Black Bear freely admits to having made up the Charbucks name for one of its blends as a way of mocking Starbucks — whose beans some coffee aficionados insist are over-roasted — after that company snatched up a local Boston coffee chain.
In 2011, a U.S. District Court judge ruled that the Charbucks blend names and marks are “only weakly associated with the minimally similar Starbucks marks and, thus, are not likely to impair the distinctiveness of the famous Starbucks marks,” and stated that Starbucks had failed to prove that the possible confusion was likely to cause “dilution by blurring” of the Starbucks trademark.
And so Starbucks appealed that decision to the 2nd U.S. Circuit Court, but Reuters reports that the appeals panel let the District Court ruling stand this week.
To make its case against Black Bear, Starbucks had commissioned a telephone survey of 600 people, which — not surprisingly — found that the number one association with the name “Charbucks” is the name “Starbucks.”
The District Court judge had criticized the survey for playing word-association games rather than testing how consumers would react to the Charbucks brand in a commercial setting.
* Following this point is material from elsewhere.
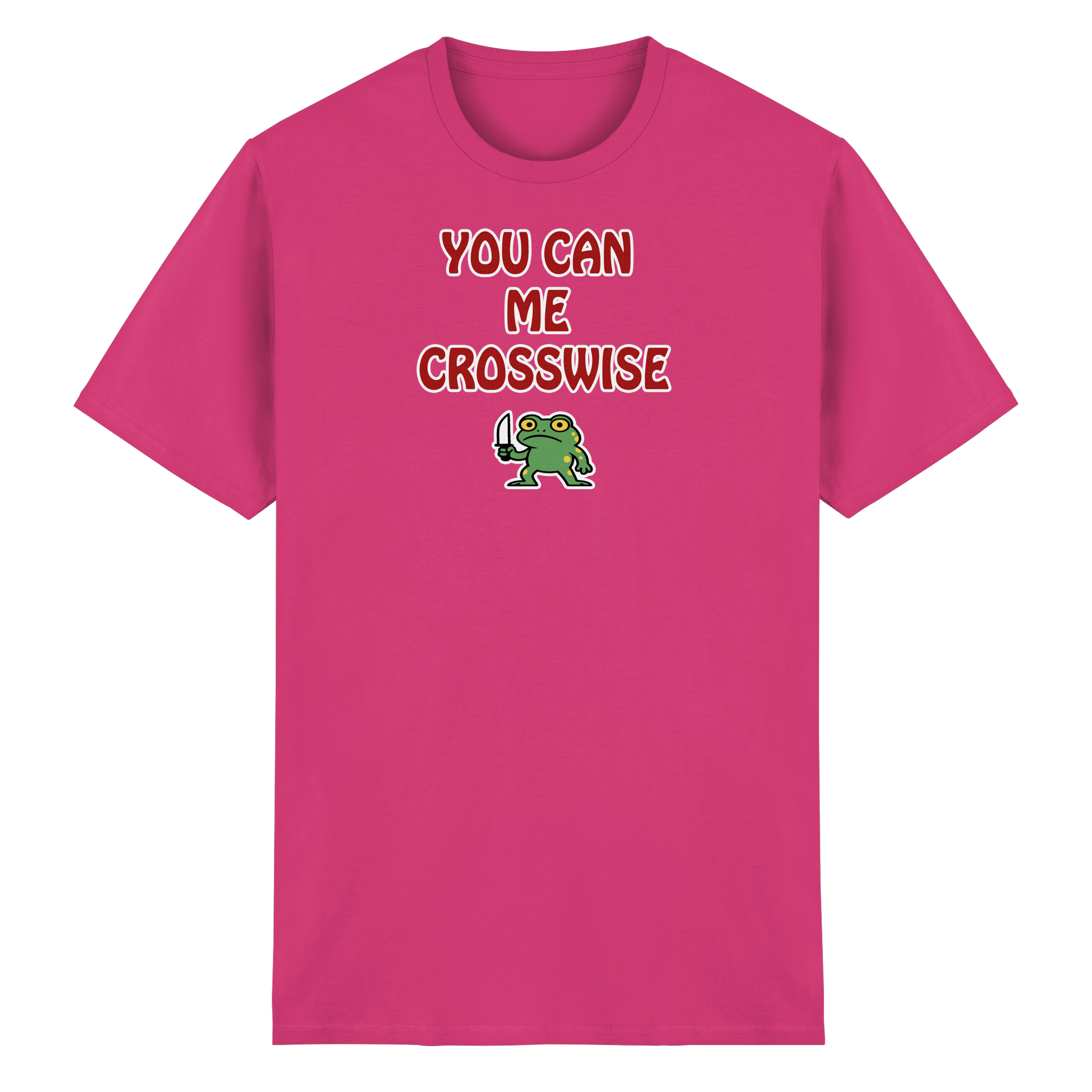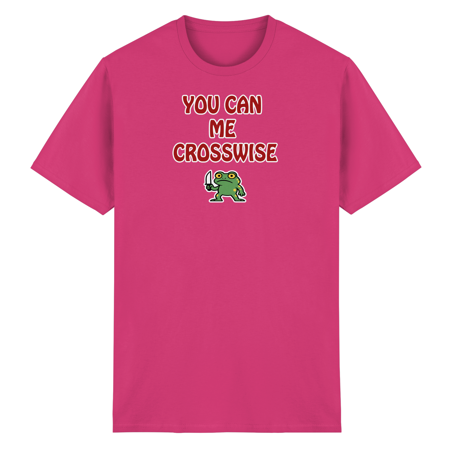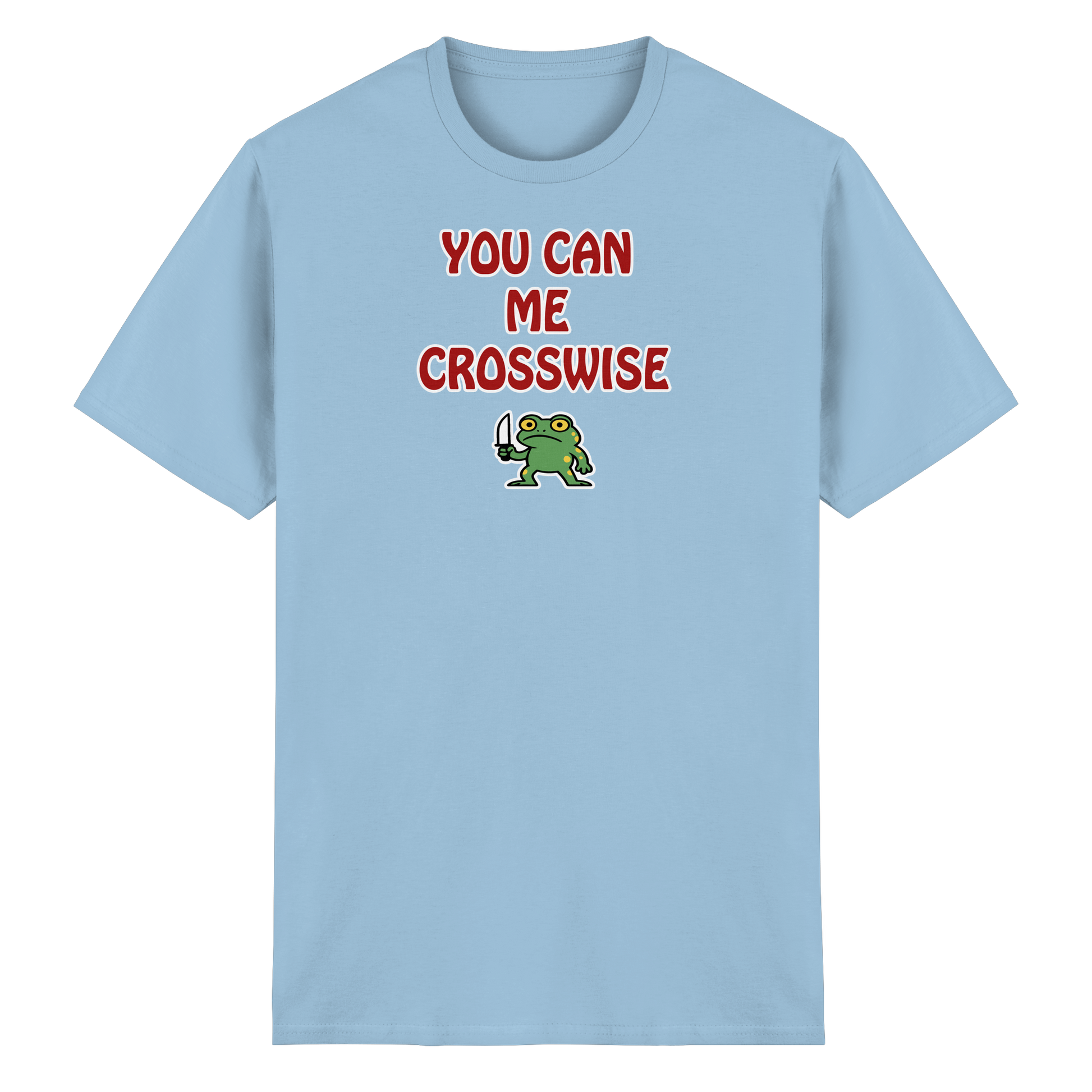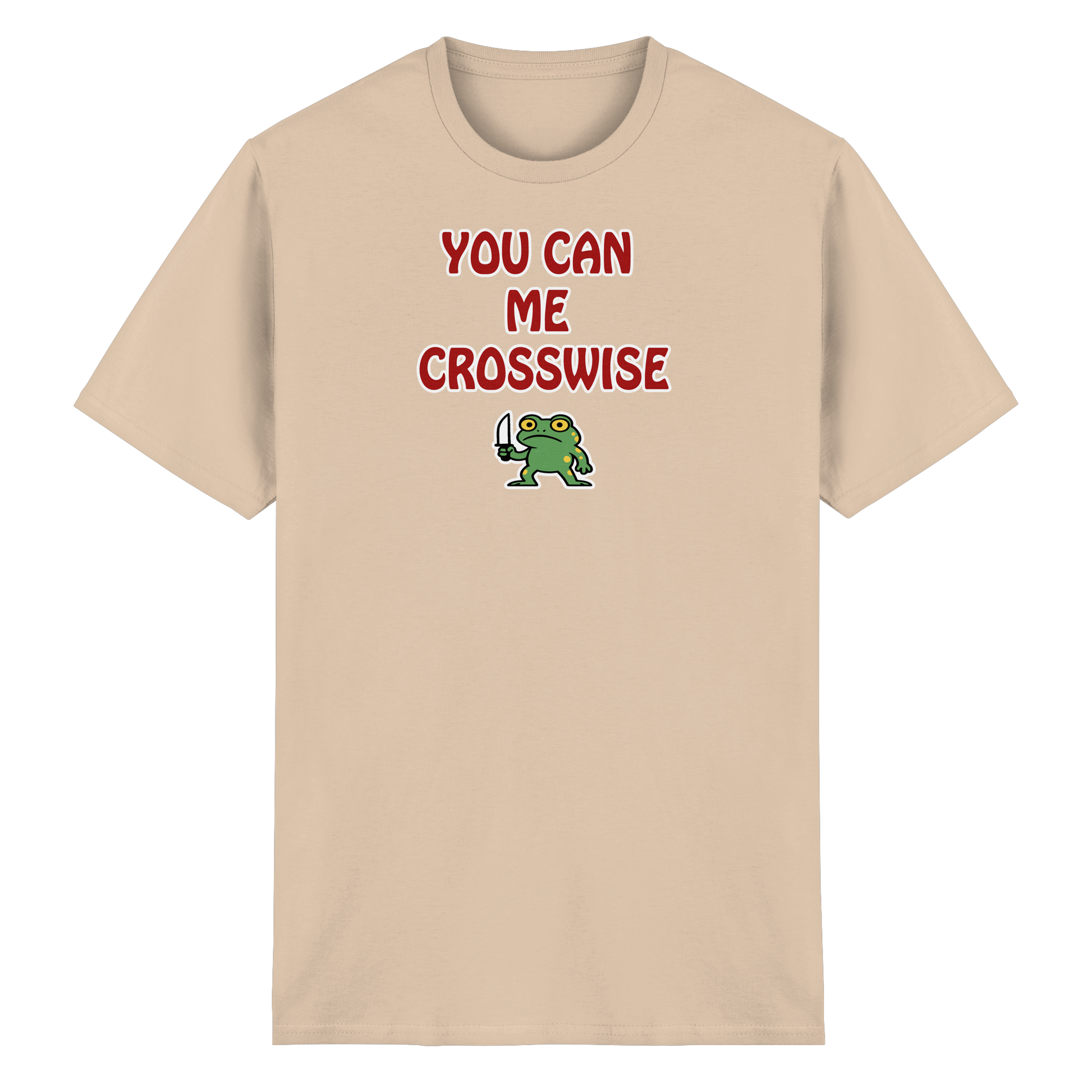 Mit diesem Design servierst du eine Ansage, die schärfer ist als das Accessoire des Motivs: „You can me crosswiese“ – die wunderbar verunglückte Übersetzung von „Du kannst mich kreuzweise“. Darunter ein Frosch mit Messer, der so entschlossen schaut, als würde er niemanden ohne klare Botschaft vom Teich lassen. Dieses Design ist pure Ironie: klein, grün, niedlich – und trotzdem bereit, jedem auf charmant-aggressive Art die Grenzen zu zeigen. Der Frosch ist dein perfekter Sidekick, wenn du mal wieder keine Lust auf Diskussionen, Drama oder nervige Menschen hast. Freundlich bleiben? Kann man. Muss man aber nicht. Ob Festival-Moshpit, WG-Debatten oder ein Montagmorgen im Büro – mit diesem Motiv machst du klar: Heute kein Bock, aber definitiv Style.

And while the Charbucks/Starbucks association was the most frequently cited, only 30.5% of respondents made the connection, a number the District Court judge deemed “relatively small.”
The appeals panel agreed, calling the survey “fundamentally flawed” for not testing the real-world branding of Charbucks, which does not physically resemble any existing Starbucks branding.
“Viewed in light of Starbucks’ fame… the fact that more survey participants did not think of ‘Starbucks’ upon hearing ‘Charbucks’ reinforces the district court’s finding that the marks are only minimally similar,” wrote the panel.
Now we wait to see just how high up the legal ladder Starbucks wants to take this case.